*What this task involves*. Could you set down exactly the lines in the records below between the line holding "(Photo 16 of" and the line holding "POLO YAKA ÇİZGİLİ UZUN KOLLU T-SHIRT", inclusive?

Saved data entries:
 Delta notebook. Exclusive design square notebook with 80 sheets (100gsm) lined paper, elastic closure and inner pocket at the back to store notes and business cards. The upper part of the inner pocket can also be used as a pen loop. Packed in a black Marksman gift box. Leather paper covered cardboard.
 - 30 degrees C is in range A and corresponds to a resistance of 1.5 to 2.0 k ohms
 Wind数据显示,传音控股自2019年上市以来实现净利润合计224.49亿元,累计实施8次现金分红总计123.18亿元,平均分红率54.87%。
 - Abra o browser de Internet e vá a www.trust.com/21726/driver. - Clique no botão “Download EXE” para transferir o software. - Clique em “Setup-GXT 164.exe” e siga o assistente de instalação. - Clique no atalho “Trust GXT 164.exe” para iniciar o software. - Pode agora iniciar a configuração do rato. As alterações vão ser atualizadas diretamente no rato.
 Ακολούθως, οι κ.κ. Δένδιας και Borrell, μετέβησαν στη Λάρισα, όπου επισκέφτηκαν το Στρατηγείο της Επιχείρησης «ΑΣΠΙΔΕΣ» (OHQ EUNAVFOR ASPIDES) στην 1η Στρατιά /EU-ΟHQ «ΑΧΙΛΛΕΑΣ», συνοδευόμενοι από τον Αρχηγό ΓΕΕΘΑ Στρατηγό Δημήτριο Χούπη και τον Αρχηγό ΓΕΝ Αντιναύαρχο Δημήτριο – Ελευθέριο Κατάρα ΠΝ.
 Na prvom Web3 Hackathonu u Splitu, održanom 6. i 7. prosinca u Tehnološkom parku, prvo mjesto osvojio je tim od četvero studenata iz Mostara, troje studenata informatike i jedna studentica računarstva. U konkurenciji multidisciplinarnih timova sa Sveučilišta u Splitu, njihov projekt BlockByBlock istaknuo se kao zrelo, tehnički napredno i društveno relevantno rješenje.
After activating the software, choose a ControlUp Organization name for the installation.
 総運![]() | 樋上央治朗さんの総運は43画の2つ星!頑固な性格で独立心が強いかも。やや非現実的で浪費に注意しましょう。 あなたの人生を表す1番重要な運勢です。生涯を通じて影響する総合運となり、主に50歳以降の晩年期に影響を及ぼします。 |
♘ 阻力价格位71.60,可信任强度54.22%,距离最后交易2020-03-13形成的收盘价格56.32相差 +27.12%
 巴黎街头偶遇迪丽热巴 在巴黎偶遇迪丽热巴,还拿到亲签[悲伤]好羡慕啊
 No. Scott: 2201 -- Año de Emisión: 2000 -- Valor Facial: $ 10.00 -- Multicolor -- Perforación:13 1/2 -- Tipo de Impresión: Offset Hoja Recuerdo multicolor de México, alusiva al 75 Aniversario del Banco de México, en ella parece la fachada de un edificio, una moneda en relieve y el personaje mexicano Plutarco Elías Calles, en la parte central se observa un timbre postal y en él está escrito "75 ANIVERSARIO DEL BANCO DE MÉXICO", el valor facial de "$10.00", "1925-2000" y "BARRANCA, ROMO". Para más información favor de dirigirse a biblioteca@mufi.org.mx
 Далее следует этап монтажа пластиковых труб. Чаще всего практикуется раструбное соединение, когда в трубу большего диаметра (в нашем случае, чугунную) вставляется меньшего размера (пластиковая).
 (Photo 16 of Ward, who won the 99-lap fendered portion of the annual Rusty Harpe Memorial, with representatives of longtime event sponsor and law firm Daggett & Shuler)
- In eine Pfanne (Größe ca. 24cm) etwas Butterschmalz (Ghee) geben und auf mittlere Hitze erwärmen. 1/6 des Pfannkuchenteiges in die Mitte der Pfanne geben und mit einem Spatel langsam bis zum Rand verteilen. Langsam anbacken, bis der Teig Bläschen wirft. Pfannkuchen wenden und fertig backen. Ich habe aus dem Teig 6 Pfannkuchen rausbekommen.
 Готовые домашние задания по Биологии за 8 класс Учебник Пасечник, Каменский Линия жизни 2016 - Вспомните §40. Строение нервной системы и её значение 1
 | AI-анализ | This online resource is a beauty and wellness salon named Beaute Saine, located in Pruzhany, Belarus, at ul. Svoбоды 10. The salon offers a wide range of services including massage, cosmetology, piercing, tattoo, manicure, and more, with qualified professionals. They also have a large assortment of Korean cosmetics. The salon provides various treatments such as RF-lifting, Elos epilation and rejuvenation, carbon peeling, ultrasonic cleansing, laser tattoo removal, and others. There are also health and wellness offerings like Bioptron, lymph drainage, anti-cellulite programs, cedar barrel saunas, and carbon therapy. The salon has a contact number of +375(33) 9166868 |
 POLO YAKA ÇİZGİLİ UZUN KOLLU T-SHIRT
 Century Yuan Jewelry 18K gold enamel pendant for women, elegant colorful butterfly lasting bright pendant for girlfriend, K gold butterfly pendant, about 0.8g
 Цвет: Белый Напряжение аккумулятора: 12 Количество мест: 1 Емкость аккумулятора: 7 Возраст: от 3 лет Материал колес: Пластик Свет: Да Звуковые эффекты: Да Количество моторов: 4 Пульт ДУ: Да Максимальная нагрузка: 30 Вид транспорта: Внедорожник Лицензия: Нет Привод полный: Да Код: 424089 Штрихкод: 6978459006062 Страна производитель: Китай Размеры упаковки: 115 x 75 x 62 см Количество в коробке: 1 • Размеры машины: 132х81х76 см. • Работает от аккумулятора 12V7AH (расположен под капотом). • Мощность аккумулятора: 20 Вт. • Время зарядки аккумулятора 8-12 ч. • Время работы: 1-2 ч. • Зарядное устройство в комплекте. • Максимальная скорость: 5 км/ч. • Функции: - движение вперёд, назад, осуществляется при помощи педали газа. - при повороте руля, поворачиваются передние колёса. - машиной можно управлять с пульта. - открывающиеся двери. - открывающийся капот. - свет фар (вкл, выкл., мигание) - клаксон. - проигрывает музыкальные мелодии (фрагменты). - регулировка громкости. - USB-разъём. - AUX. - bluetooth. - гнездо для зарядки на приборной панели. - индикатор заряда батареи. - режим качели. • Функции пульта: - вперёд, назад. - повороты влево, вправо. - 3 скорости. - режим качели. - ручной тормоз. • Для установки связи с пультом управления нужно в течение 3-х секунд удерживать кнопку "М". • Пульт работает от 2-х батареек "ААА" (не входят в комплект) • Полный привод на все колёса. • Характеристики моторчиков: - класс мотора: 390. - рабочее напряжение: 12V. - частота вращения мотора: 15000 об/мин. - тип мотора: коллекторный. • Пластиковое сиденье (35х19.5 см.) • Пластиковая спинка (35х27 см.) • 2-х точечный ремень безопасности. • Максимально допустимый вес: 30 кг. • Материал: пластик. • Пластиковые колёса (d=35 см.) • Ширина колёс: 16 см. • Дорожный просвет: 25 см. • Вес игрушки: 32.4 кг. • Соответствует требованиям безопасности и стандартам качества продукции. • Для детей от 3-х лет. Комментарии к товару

*Completed task*.
 (Photo 16 of Ward, who won the 99-lap fendered portion of the annual Rusty Harpe Memorial, with representatives of longtime event sponsor and law firm Daggett & Shuler)
- In eine Pfanne (Größe ca. 24cm) etwas Butterschmalz (Ghee) geben und auf mittlere Hitze erwärmen. 1/6 des Pfannkuchenteiges in die Mitte der Pfanne geben und mit einem Spatel langsam bis zum Rand verteilen. Langsam anbacken, bis der Teig Bläschen wirft. Pfannkuchen wenden und fertig backen. Ich habe aus dem Teig 6 Pfannkuchen rausbekommen.
 Готовые домашние задания по Биологии за 8 класс Учебник Пасечник, Каменский Линия жизни 2016 - Вспомните §40. Строение нервной системы и её значение 1
 | AI-анализ | This online resource is a beauty and wellness salon named Beaute Saine, located in Pruzhany, Belarus, at ul. Svoбоды 10. The salon offers a wide range of services including massage, cosmetology, piercing, tattoo, manicure, and more, with qualified professionals. They also have a large assortment of Korean cosmetics. The salon provides various treatments such as RF-lifting, Elos epilation and rejuvenation, carbon peeling, ultrasonic cleansing, laser tattoo removal, and others. There are also health and wellness offerings like Bioptron, lymph drainage, anti-cellulite programs, cedar barrel saunas, and carbon therapy. The salon has a contact number of +375(33) 9166868 |
 POLO YAKA ÇİZGİLİ UZUN KOLLU T-SHIRT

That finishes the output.